Kabul: Taliban kidnappers shot dead a male South Korean hostage on Monday, a spokesman said, accusing the Afghan government of not listening to rebel demands for the release of Taliban prisoners.

"We shot dead a male captive because the government did not listen to our demands," spokesman Qari Mohammad Yousuf told Reuters by telephone. He said the Taliban would kill more hostages if Kabul ignored their demand to release rebel prisoners, but gave no new deadline. He said the body had been dumped by the side of a road.

The shooting was a bloody rejection of the authorities' request for more time for talks on freeing the South Korean hostages after the expiry of a rebel deadline earlier in the day.
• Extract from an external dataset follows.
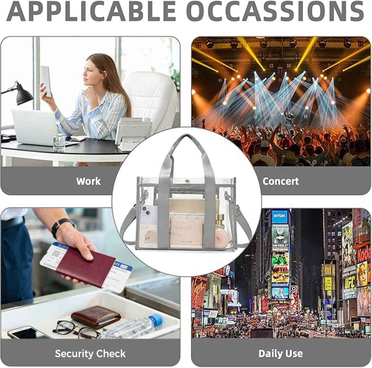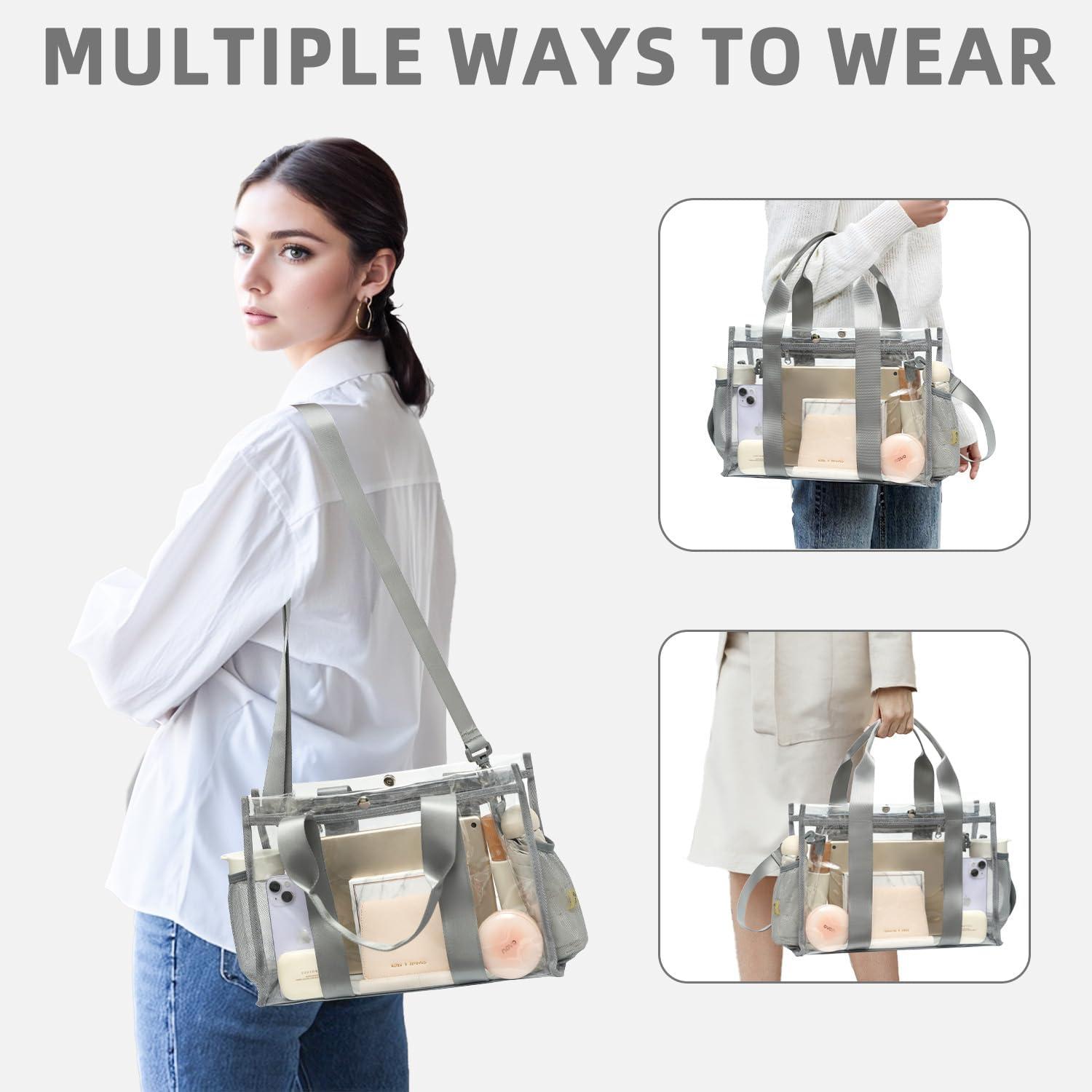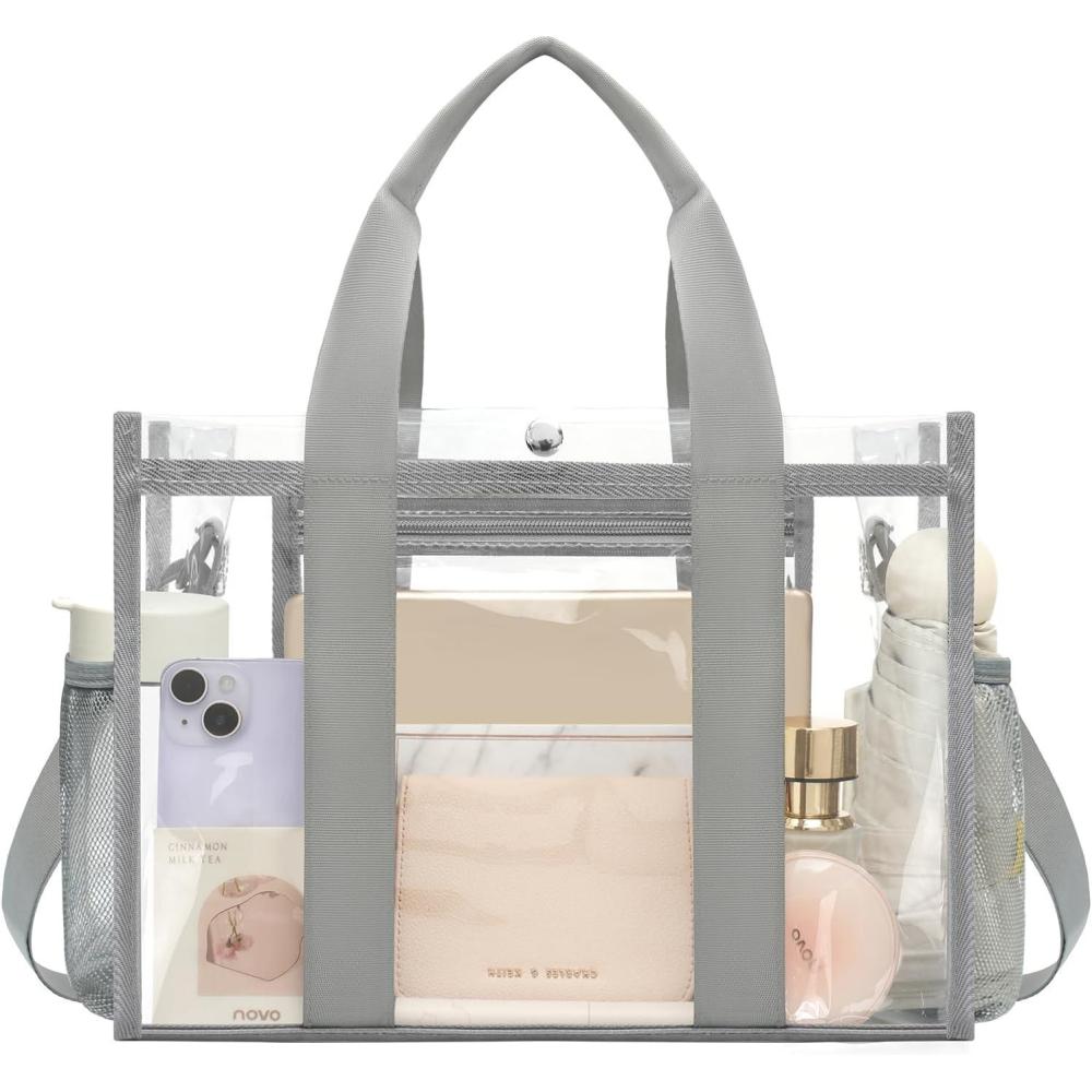imageBAGAIL Stadium Approved Clear Tote Bag with Inner Pocket Transparent Travel Bag for Sports Event Concert WorkGrey
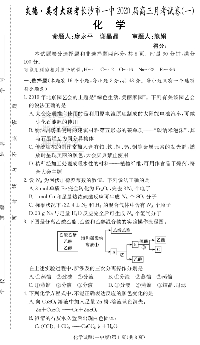 2026湖南師大附中新高考考前小題訓練·化學

The Taliban seized 23 Korean Christians, 18 of them women, 11 days ago from a bus in Ghazni on the main highway south from Kabul and killed the leader of the group on Wednesday after an earlier deadline passed.

The hostage crisis has focused attention on growing lawlessness in Afghanistan with Taliban influence, suicide bombs and attacks spreading to many areas previously considered safe and making road travel between major cities a risky affair.
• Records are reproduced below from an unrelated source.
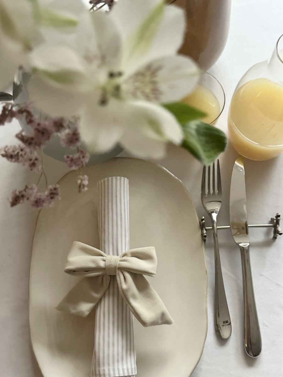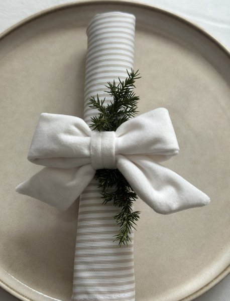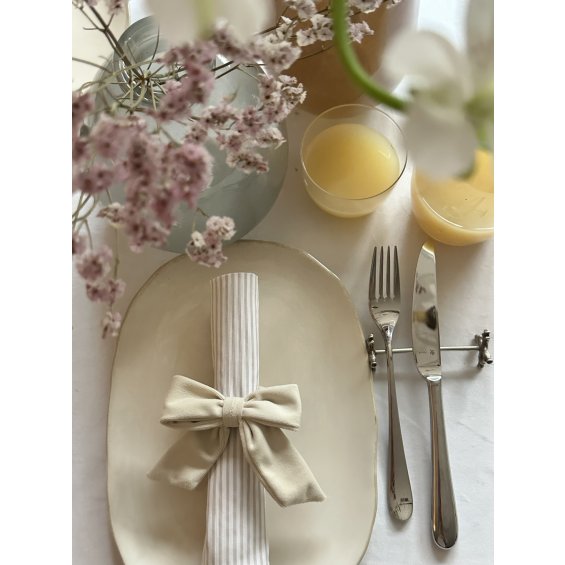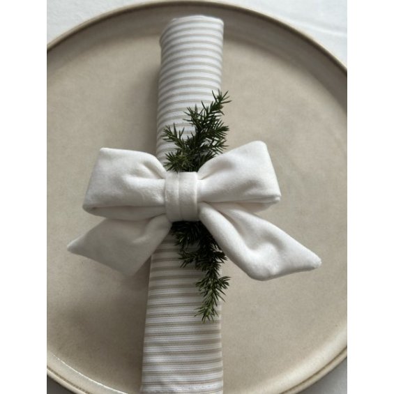 Tkaninowe serwetki to elegancka i stylowa dekoracja każdego stołu. Zestaw składa się z 4 szt serwetek uszytych z wysokiej jakości bawełny w biało-beżowe paseczki. Możliwość dokupienia pasujących opasek.
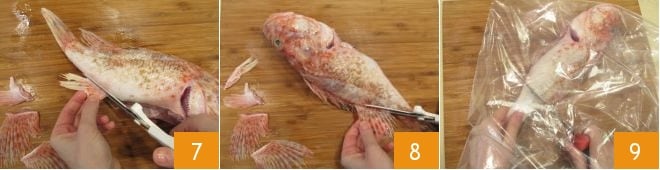 die untere Bauchflosse 7 und die Rückenflosse 8. Schuppen Sie ihn dann mit einem Messer von der Schwanzflosse bis zum Kopf, wobei Sie ihn in einem Plastikbeutel 9 einstecken, um das Verteilen der Schuppen zu vermeiden.
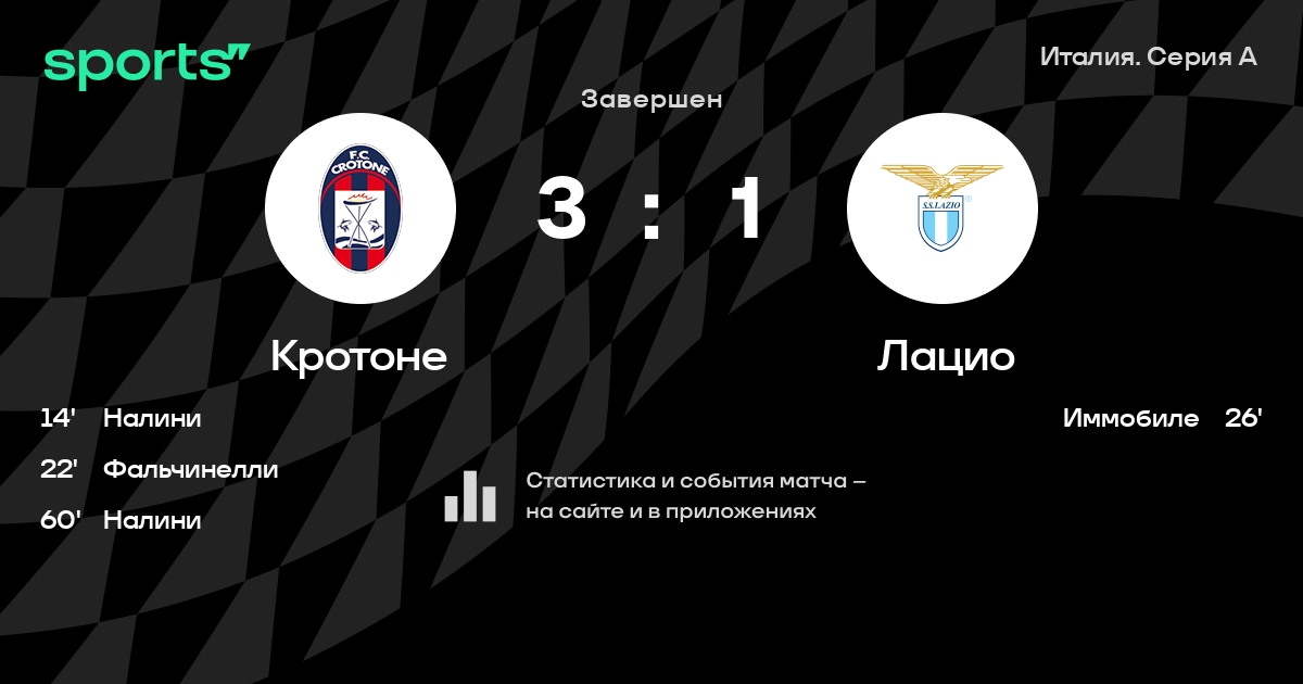 Стракоша - Раду, Уоллес, Баштуш - Габаррон, Биглия, Милинкович-Савич, Мурджа, Баста - Иммобиле, Фелипе АндерсонЗапасные: Варгич, Адамонис, де Врей, Спиццикино, Кардозелли, Крекко, Мохамед, Росси, Ломбарди, Тункара
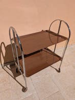 10 mars 26CSStavelot - Chariot de service - Pliante - Chrome, formica - Desserte àDesserte à roulettes pliante en chrome et formica, fabriquée en france, bon état avec quelques usures et traces dues à l’âge, dimensions 80 x 60 x 40 cm, style vintage, période 1970–1980, couleur brun
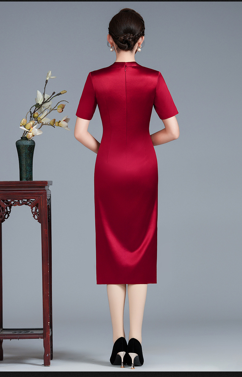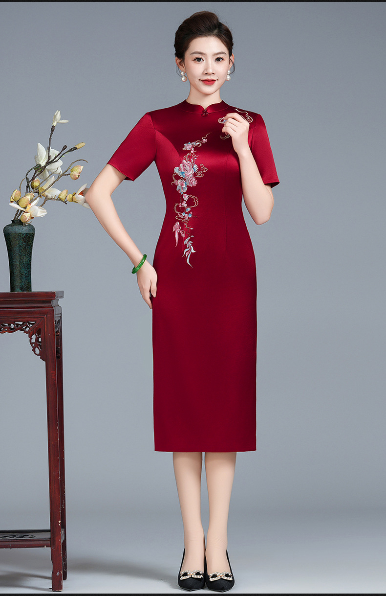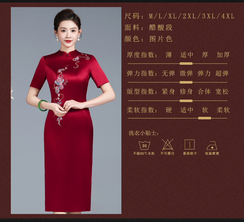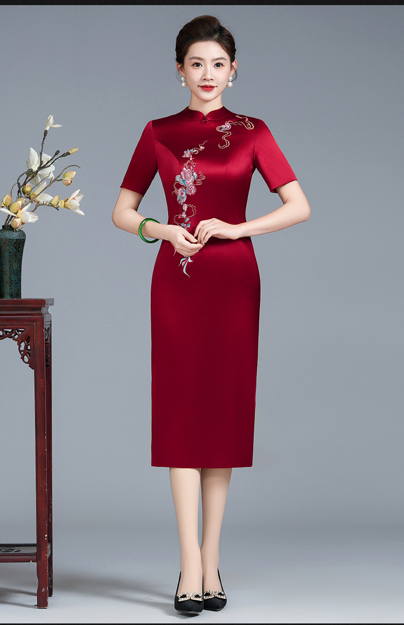 Gaun pernikahan wanita, musim semi baru Xi mother-in-law gaun pernikahan gaya nasional asetat cheongsam muda ibu pernikahan temperamen bordir gaun Cina

A spokesman for the governor of Ghazni province, southwest of the capital Kabul, where the hostages were seized, said earlier that Afghan authorities had asked for two more days in which to settle the hostage crisis peacefully.

The Taliban had earlier extended its 'final' deadline but insisted the release of Taliban prisoners was the only way to settle the crisis.

On Sunday, the Taliban ruled out further talks after they said government negotiators demanded the unconditional release of the hostages and a senior Afghan official said that force might be used to rescue them if talks failed.

The government had wanted the Taliban to first release the 18 women hostages, but the insurgents demanded the government release its prisoners first, leading to deadlock, said a Kabul-based Western security analyst who declined to be named.